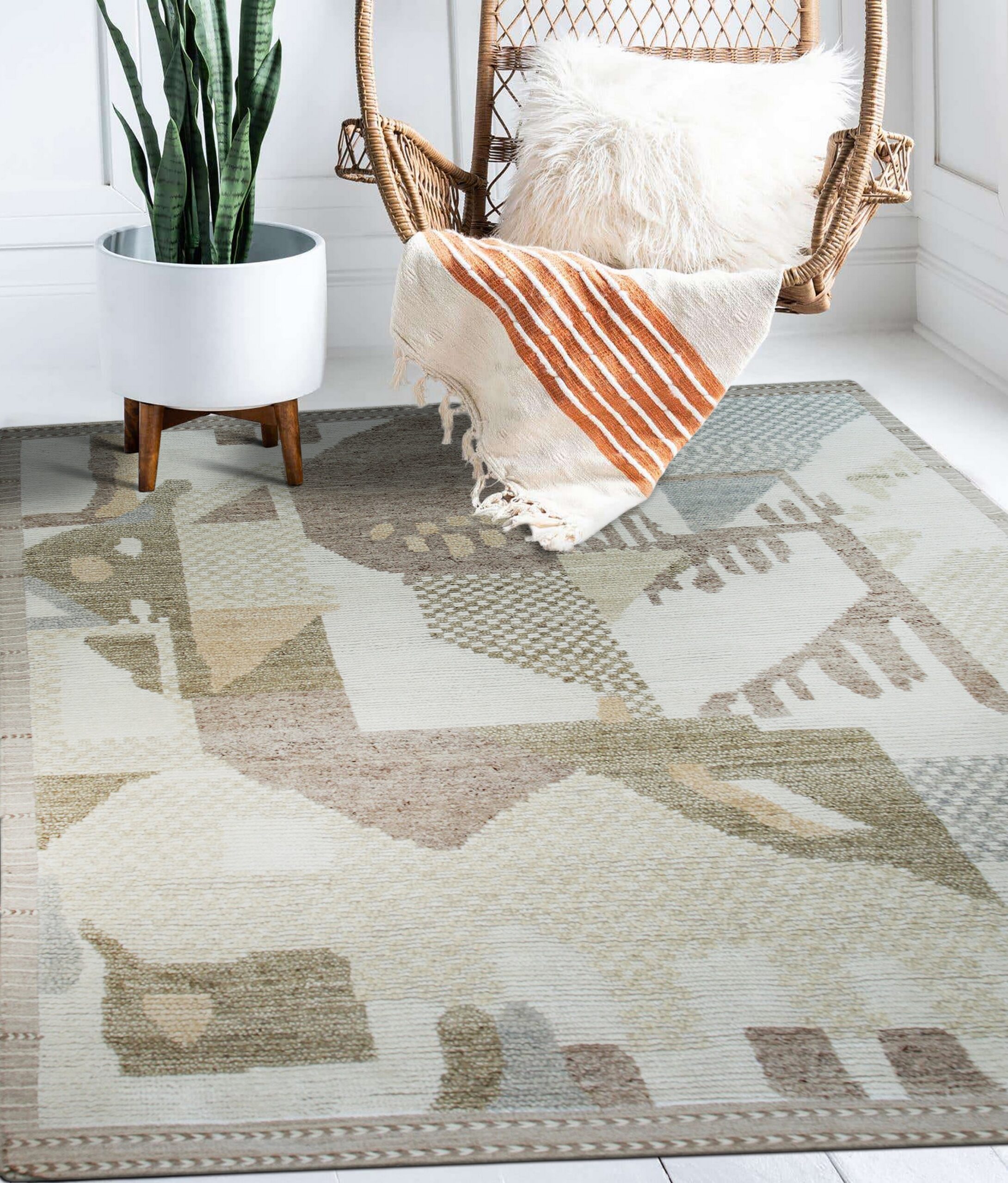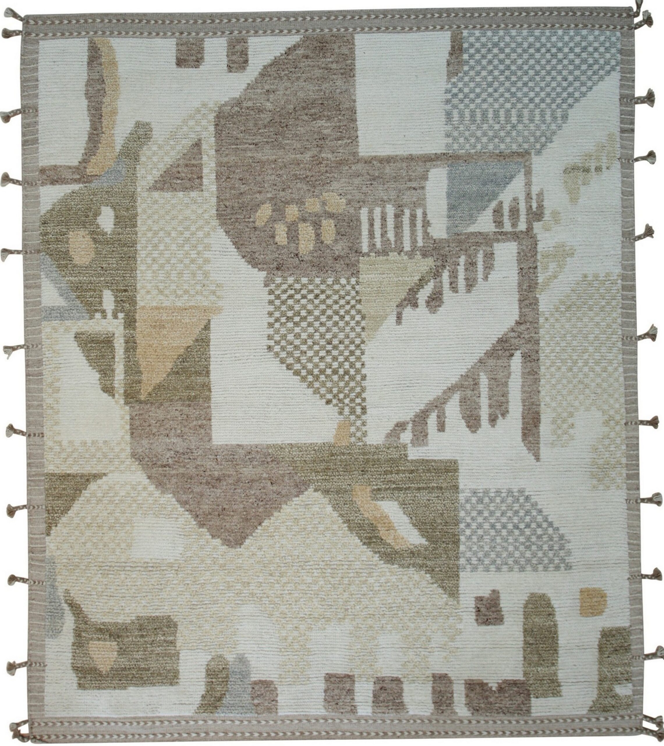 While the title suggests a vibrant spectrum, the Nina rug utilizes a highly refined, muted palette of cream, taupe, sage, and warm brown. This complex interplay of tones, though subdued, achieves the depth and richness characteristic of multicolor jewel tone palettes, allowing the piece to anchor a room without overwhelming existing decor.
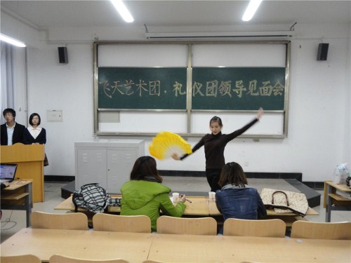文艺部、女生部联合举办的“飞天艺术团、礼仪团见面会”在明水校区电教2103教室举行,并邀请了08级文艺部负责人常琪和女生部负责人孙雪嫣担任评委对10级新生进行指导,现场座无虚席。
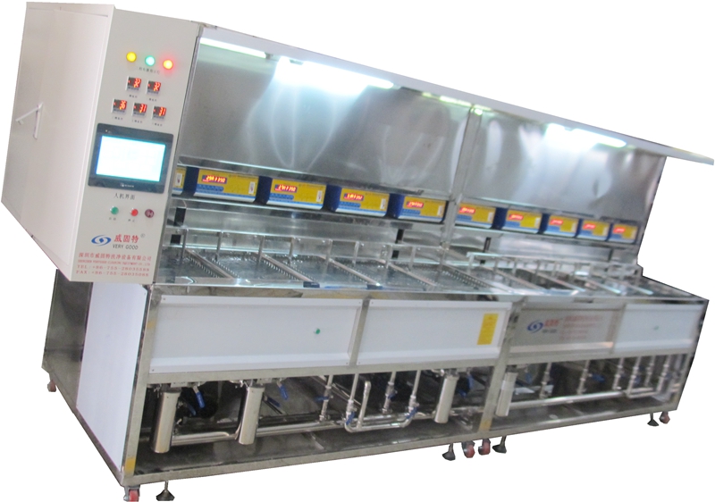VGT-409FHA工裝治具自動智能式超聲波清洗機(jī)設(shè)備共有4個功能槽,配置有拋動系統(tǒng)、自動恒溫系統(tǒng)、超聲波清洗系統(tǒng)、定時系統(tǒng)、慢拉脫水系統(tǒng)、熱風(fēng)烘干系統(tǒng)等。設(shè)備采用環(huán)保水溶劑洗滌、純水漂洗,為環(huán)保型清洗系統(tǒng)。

==

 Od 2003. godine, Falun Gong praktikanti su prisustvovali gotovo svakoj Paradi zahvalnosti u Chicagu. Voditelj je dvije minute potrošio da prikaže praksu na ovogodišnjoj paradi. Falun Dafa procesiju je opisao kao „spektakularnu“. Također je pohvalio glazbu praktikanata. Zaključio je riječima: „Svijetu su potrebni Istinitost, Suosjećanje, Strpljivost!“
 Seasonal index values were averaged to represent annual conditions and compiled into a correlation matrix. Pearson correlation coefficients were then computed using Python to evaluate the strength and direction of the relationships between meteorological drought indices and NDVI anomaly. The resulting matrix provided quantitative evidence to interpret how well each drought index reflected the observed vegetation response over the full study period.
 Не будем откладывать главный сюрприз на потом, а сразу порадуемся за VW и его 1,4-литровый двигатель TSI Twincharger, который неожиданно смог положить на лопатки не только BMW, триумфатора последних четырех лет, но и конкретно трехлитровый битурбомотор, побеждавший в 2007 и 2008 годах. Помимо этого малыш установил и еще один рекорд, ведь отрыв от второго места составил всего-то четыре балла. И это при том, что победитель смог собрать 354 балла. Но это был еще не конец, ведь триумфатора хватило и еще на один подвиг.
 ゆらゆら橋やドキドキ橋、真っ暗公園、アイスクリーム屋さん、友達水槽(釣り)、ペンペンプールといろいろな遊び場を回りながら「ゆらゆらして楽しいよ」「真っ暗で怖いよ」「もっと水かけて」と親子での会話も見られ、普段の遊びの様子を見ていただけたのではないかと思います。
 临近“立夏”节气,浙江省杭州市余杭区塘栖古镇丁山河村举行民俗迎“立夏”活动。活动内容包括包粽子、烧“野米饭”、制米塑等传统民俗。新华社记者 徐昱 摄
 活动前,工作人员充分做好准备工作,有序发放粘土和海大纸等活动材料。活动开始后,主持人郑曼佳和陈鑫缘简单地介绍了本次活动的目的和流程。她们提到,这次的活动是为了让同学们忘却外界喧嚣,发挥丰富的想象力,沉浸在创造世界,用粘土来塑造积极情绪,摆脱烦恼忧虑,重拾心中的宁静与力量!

**TASK TO COMPLETE**
Look above for the line with "While the title" and the line with "VGT-409FHA工裝治具". Output those two and everything between them exactly, pictures excluded.

**EXERCISE SOLUTION**
 While the title suggests a vibrant spectrum, the Nina rug utilizes a highly refined, muted palette of cream, taupe, sage, and warm brown. This complex interplay of tones, though subdued, achieves the depth and richness characteristic of multicolor jewel tone palettes, allowing the piece to anchor a room without overwhelming existing decor.
文艺部、女生部联合举办的“飞天艺术团、礼仪团见面会”在明水校区电教2103教室举行,并邀请了08级文艺部负责人常琪和女生部负责人孙雪嫣担任评委对10级新生进行指导,现场座无虚席。
VGT-409FHA工裝治具自動智能式超聲波清洗機(jī)設(shè)備共有4個功能槽,配置有拋動系統(tǒng)、自動恒溫系統(tǒng)、超聲波清洗系統(tǒng)、定時系統(tǒng)、慢拉脫水系統(tǒng)、熱風(fēng)烘干系統(tǒng)等。設(shè)備采用環(huán)保水溶劑洗滌、純水漂洗,為環(huán)保型清洗系統(tǒng)。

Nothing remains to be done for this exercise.